0:15:59 Bob Poznanovich
Most of their plans already cover it, they just need to be—make employees feel that it's okay
0:16:03 William Moyers
0:16:03 Bob Poznanovich
—To get help earlier and to help them recover when they do get help. No matter how they find what help is.
0:16:09 William Moyers
Bob Poznanovich, thank you for taking the time to be with us today. For turning your own personal passion and your expertise into your role today at Hazelden Betty Ford.

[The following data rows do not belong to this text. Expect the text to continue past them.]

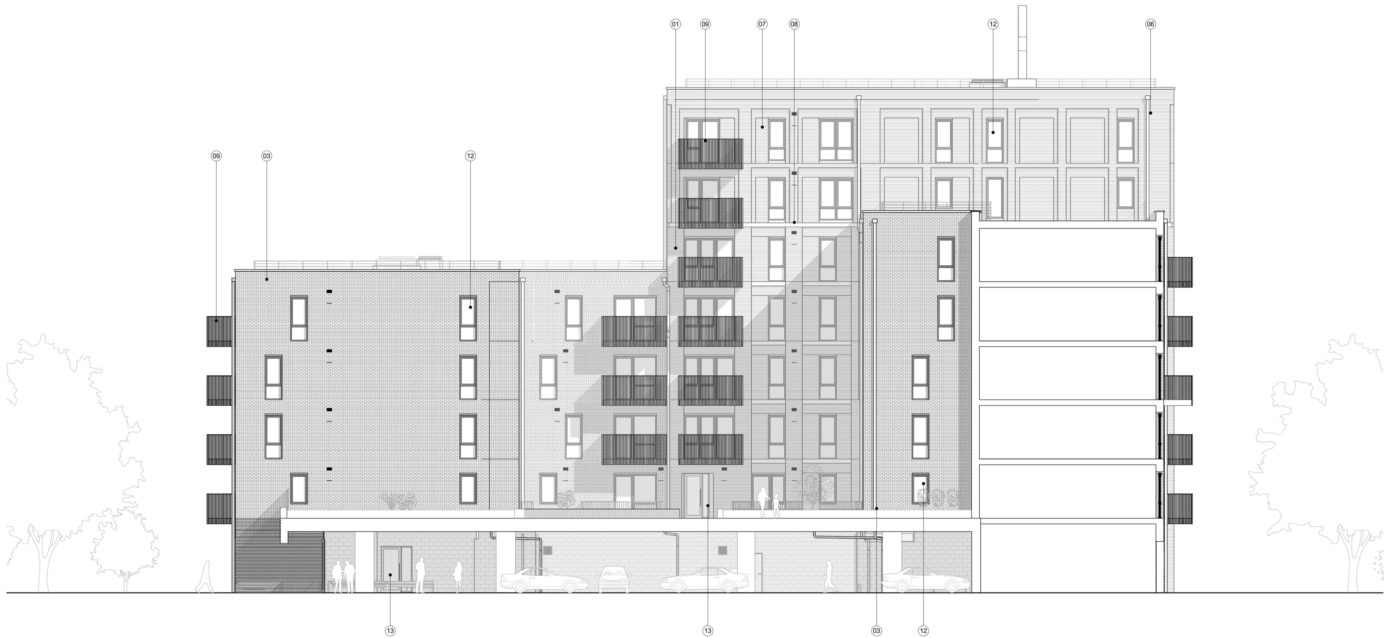
1 P3(S) - East Section F - Block 11 1 : 100 @A1

NOTES CONSULTANTS - Refer to highways consultant's drawings for details - Refer to landscape consultant's drawings for details - Landscaping layout is indicative only AREAS - Refer to area schedule © Copyright Reserved. ColladoCollins Partners LLP
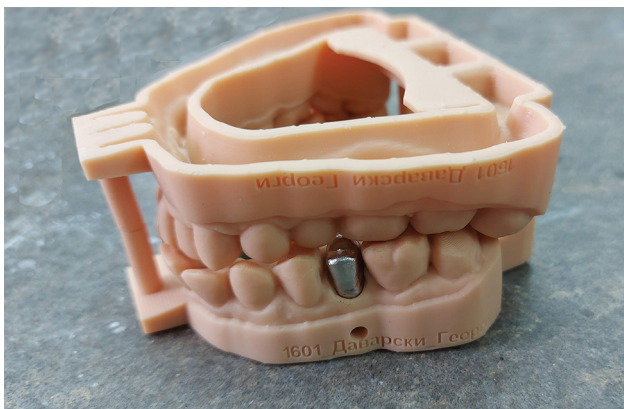
Figure 3. A metal coping on a 3D printed resin model.
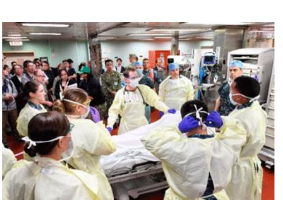
On-board surgical operation
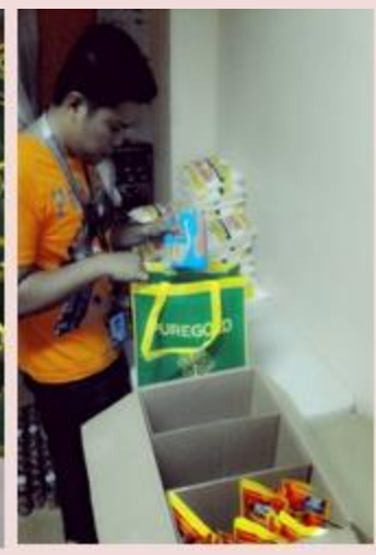
Repacking of Relief Goods
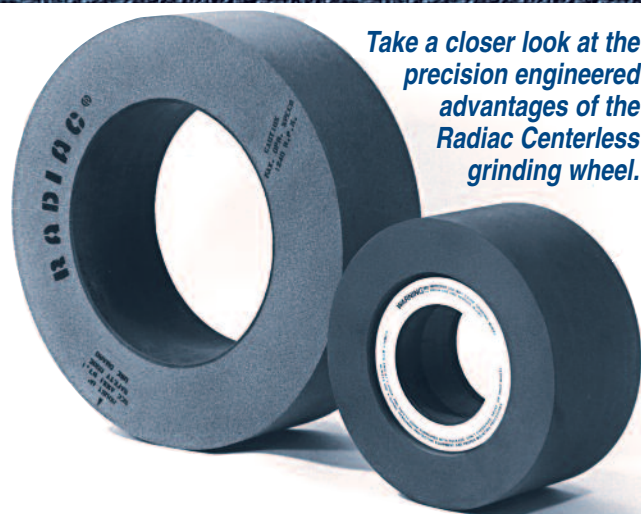
Take a closer look at the precision engineered advantages of the Radiac Centerless grinding wheel.

Including Regulating Wheels and Dressing Tools
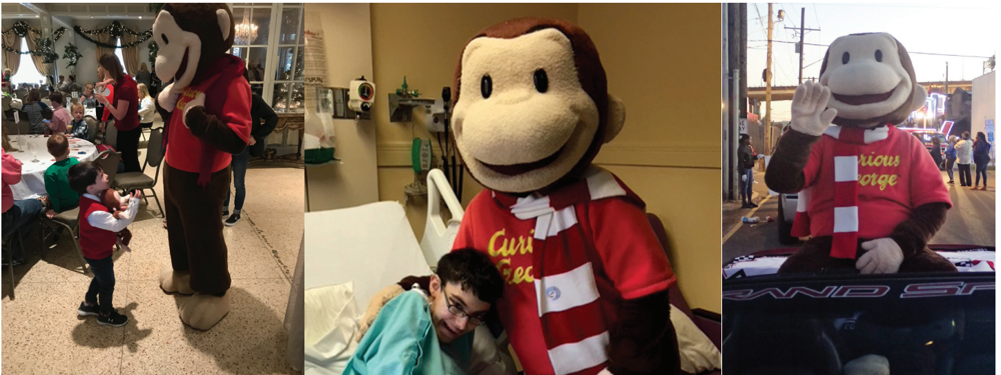
Curious George' Very Monkey Christmas Breakfast, visit to Our Lady of The Lake Children's Hospital, and appearance as Kid's Grand Marshal in Baton Rouge Christmas Parade.

the State Capitol during the State Legislative Session.
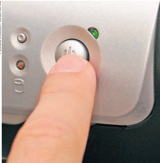
The 'off' button is the key to saving energy.

■ Buying recycled products and instituting recycling programs at your business decreases energy use on the large
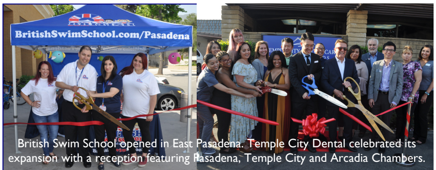
British Swim School opened in East Pasadena. Temple City Dental celebrated its expansion with a reception featuring Pasadena, Temple City and Arcadia Chambers.
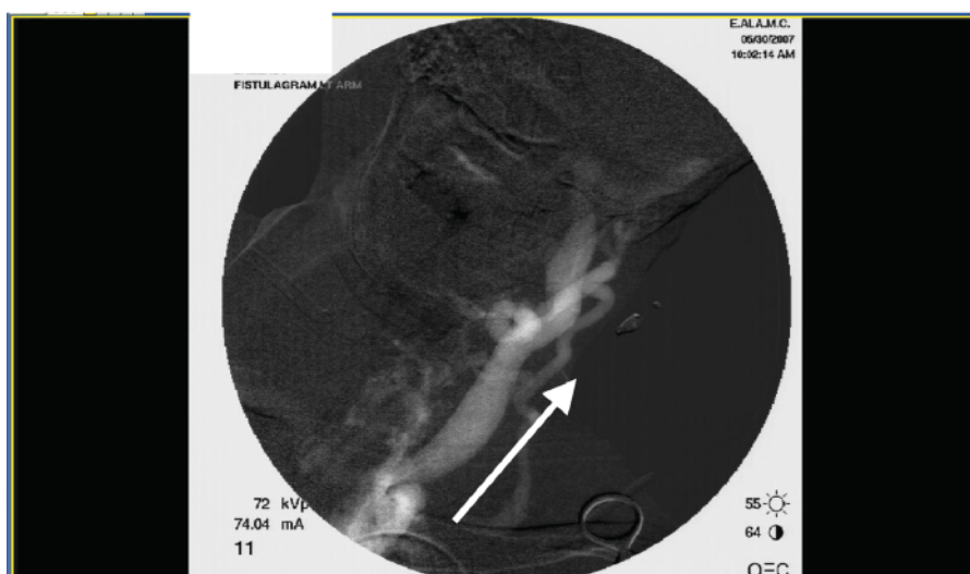
Fig. 1. (a) After passing through the cavernous and intercavernous sinuses, there is now antegrade flow (white arrow) down the right internal jugular. The obstruction is marked at the brachiocephalic vein by a striped arrow. (b) There is retrograde flow (white arrow) up the left internal jugular from the obstruction.

(CHF) and after the ingestion of tetracycline and vitamin A [3]. Clinical clues that may have suggested raised intracranial pressure in our patient included bilaterality and headache [4]; however, the mild headaches that our patient suffered resolved quickly, and the absence of pulsatile tinnitus, bradycardia and hypertension and the presence of venous pulsations were in agreement with the diagnosis of normal intracranial pressures on CT examination.
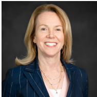
Mary Anne Hiliard Children's National Research & Innovation Campus The Collaboration Award
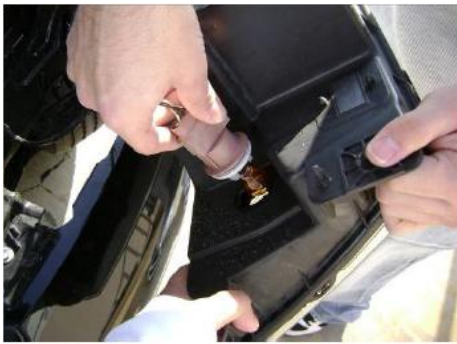
Step 6: Twist and pull the inner turn signal bulb out of the
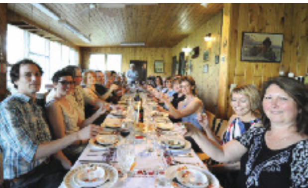
Farm to Table dinner, Carrot River
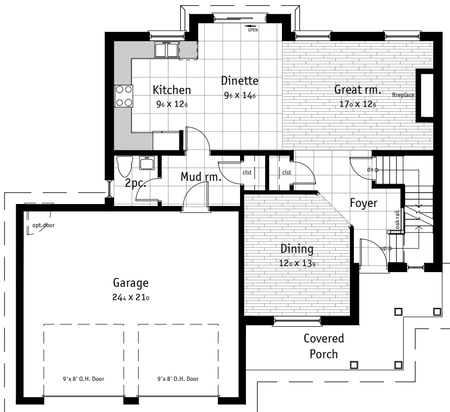
Illustration may show optional features which may not be included in the base price. Specifications subject to change without notice. E.&O.E.

www.johnstonehomes.ca phone. 519.601.9390
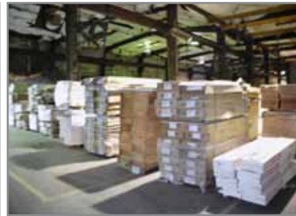
HUNDREDS OF BIFOLD DOORS
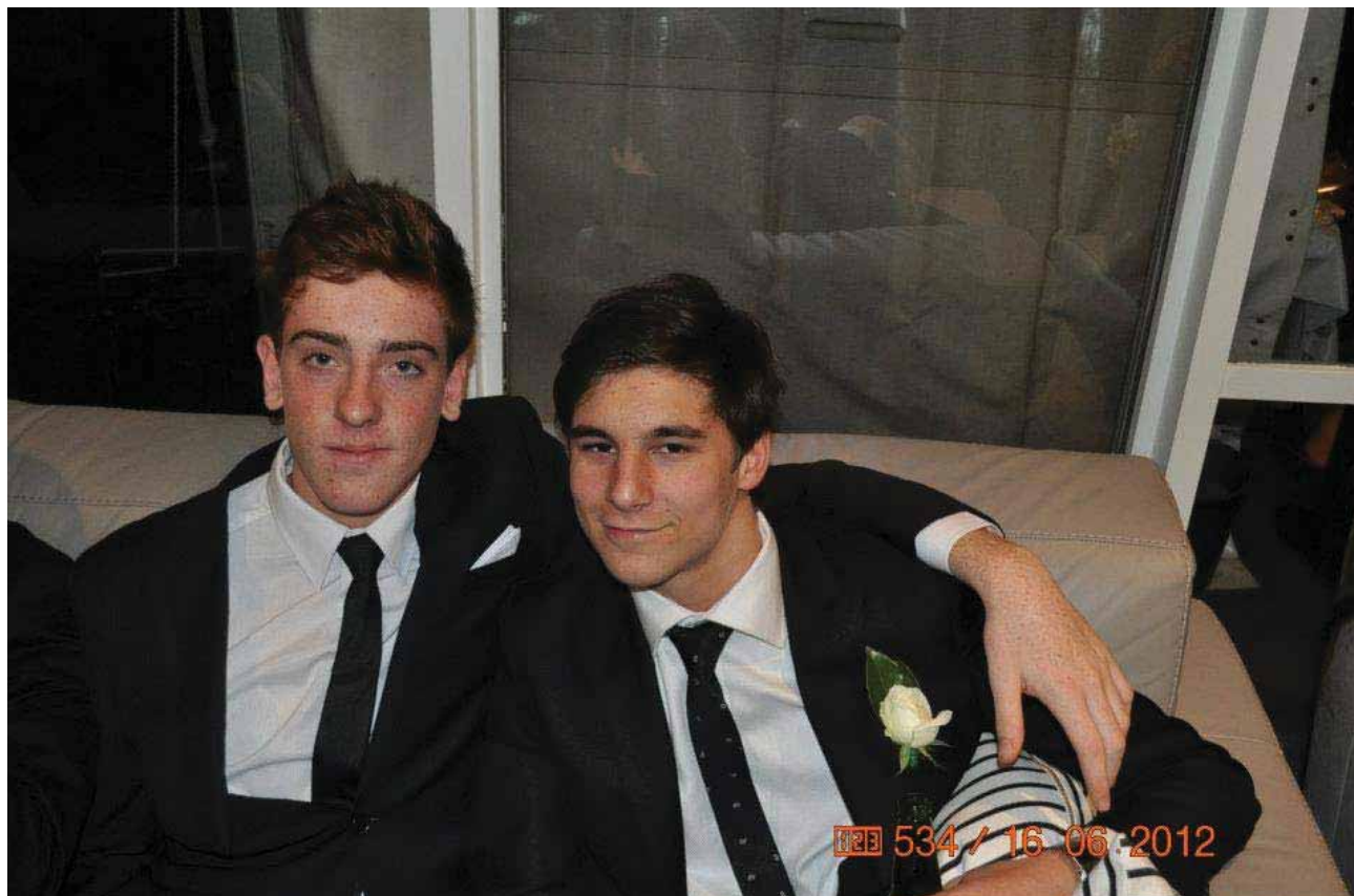
Dane at the Formal

Of not just strengthening our mission, but reaching out and connecting to the community, and indeed making recovery America's business.
0:16:28 Bob Poznanovich
Thank you, William
0:16:27 William Moyers
Thanks a lot for being with us, Bob.
0:16:28 Bob Poznanovich
Thank you too.
0:16:29 William Moyers
[turns to camera]And thank you all for joining us today. We hope that you will tune in for another edition of Let's Talk. Our podcast series that comes to you from Hazelden Betty Ford. And remember, if you have a question or a comment, a criticism, my email address is email@example.com. Send me an email, I'd love to hear from you. And remember, it's never too early to ask for help. So, if you're struggling, you have an employee who's struggling, a family member, ask for help. Thanks for tuning in to Let's Talk. We'll see ya again.